- Date: 13 – 18 May
- Edition: 16th
- Surface: Clay
- Location: Bordeaux, France

Champions

Singles
- Giovanni Mpetshi Perricard

Doubles
- Francisco Cabral / Lucas Miedler
- ← 2024 · BNP Paribas Primrose Bordeaux · 2026 →

= 2025 BNP Paribas Primrose Bordeaux =

The 2025 BNP Paribas Primrose Bordeaux was a professional tennis tournament played on clay courts. It was the 16th edition of the tournament and an ATP Challenger Tour 175 event on the 2025 ATP Challenger Tour. It took place in Bordeaux, France between 13 and 18 May 2025.

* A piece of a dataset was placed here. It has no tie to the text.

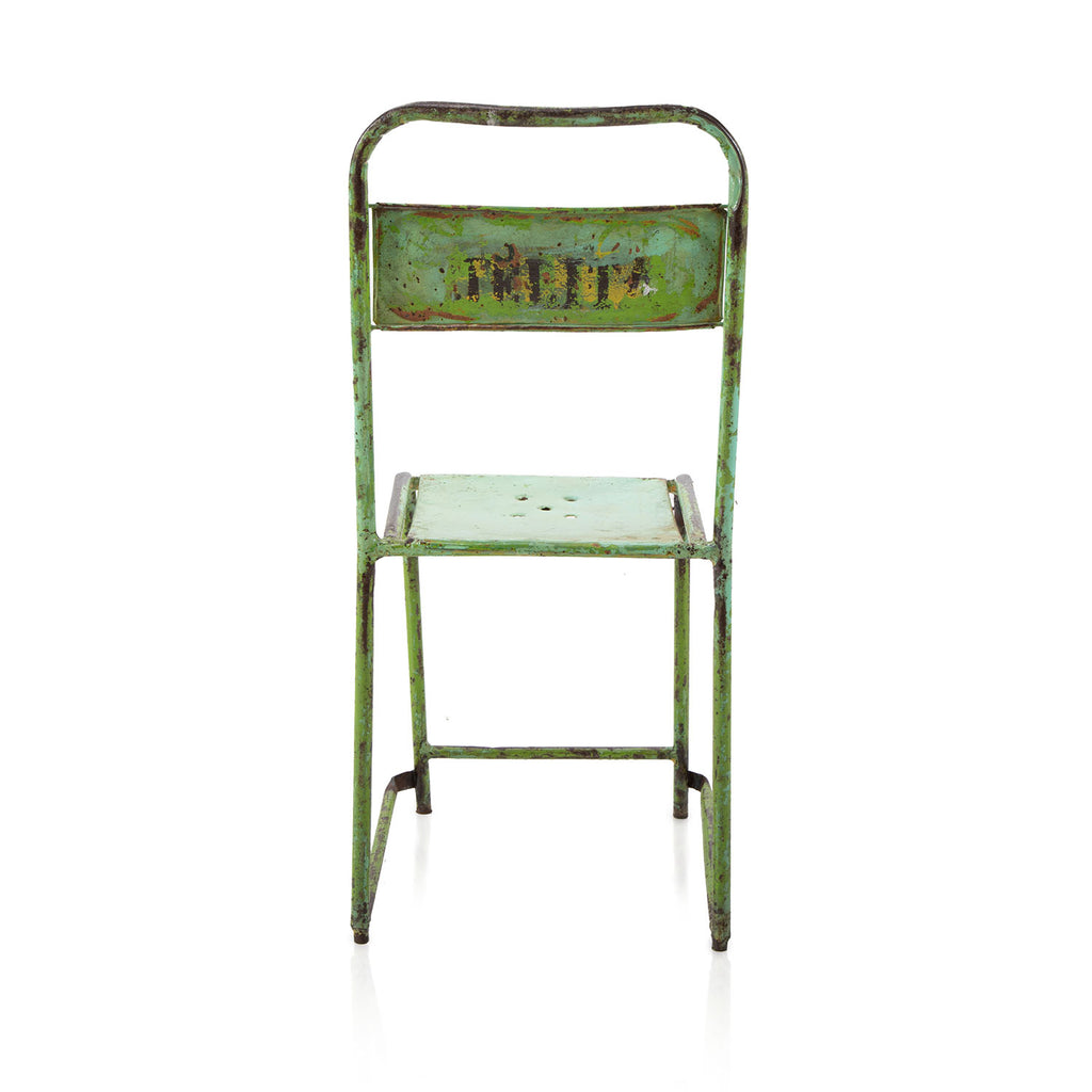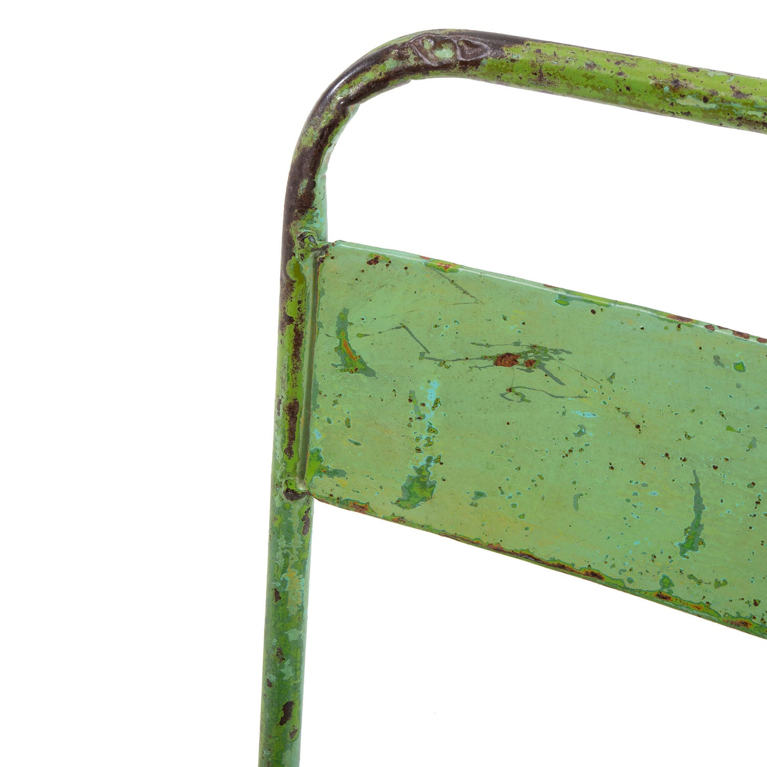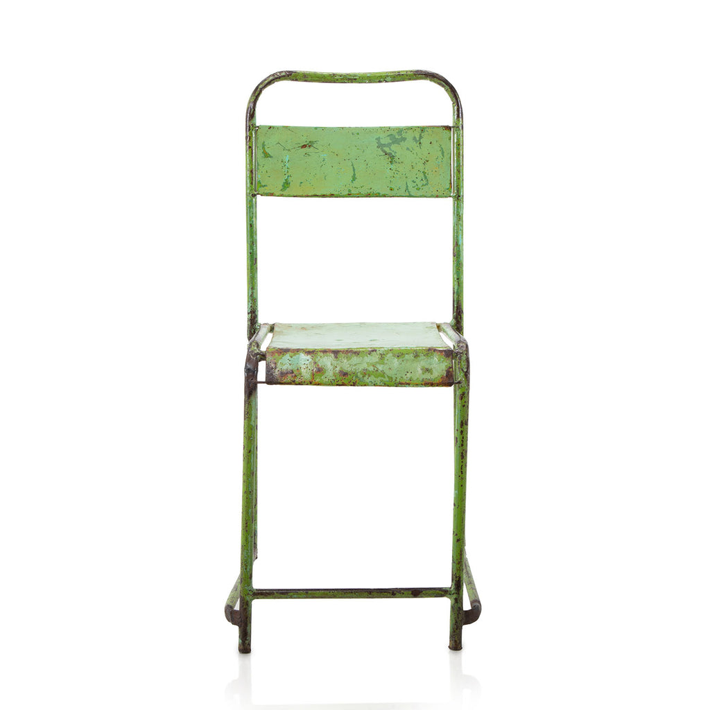 Details: Weathered green chair with chipped paint Dimensions: 32" H x 15" W x 16" D Quantity: 1

==Singles main-draw entrants==

===Seeds===

| Country | Player | Rank^{1} | Seed |
|---|---|---|---|
| USA | Brandon Nakashima | 29 | 1 |
| ARG | Sebastián Báez | 33 | 2 |
| NED | Tallon Griekspoor | 35 | 3 |
| FRA | Giovanni Mpetshi Perricard | 36 | 4 |
| FRA | Quentin Halys | 52 | 5 |
| BIH | Damir Džumhur | 69 | 6 |
| FRA | Hugo Gaston | 78 | 7 |
| USA | Aleksandar Kovacevic | 80 | 8 |

- ^{1} Rankings are as of 5 May 2025.

===Other entrants===
The following players received wildcards into the singles main draw:
- FRA Térence Atmane
- FRA Mathias Bourgue
- SUI Stan Wawrinka

The following players received entry into the singles main draw as alternates:
- GEO Nikoloz Basilashvili
- FRA Hugo Grenier
- LBN Benjamin Hassan
- KAZ Mikhail Kukushkin
- IND Sumit Nagal

The following players received entry from the qualifying draw:
- FRA Grégoire Barrère
- FRA Calvin Hemery
- ESP Albert Ramos Viñolas
- ESP Bernabé Zapata Miralles

==Champions==

===Singles===

- FRA Giovanni Mpetshi Perricard def. GEO Nikoloz Basilashvili 6–3, 6–7^{(5–7)}, 7–5.

===Doubles===

- POR Francisco Cabral / AUT Lucas Miedler def. IND Yuki Bhambri / USA Robert Galloway 7–6^{(7–1)}, 7–6^{(7–2)}.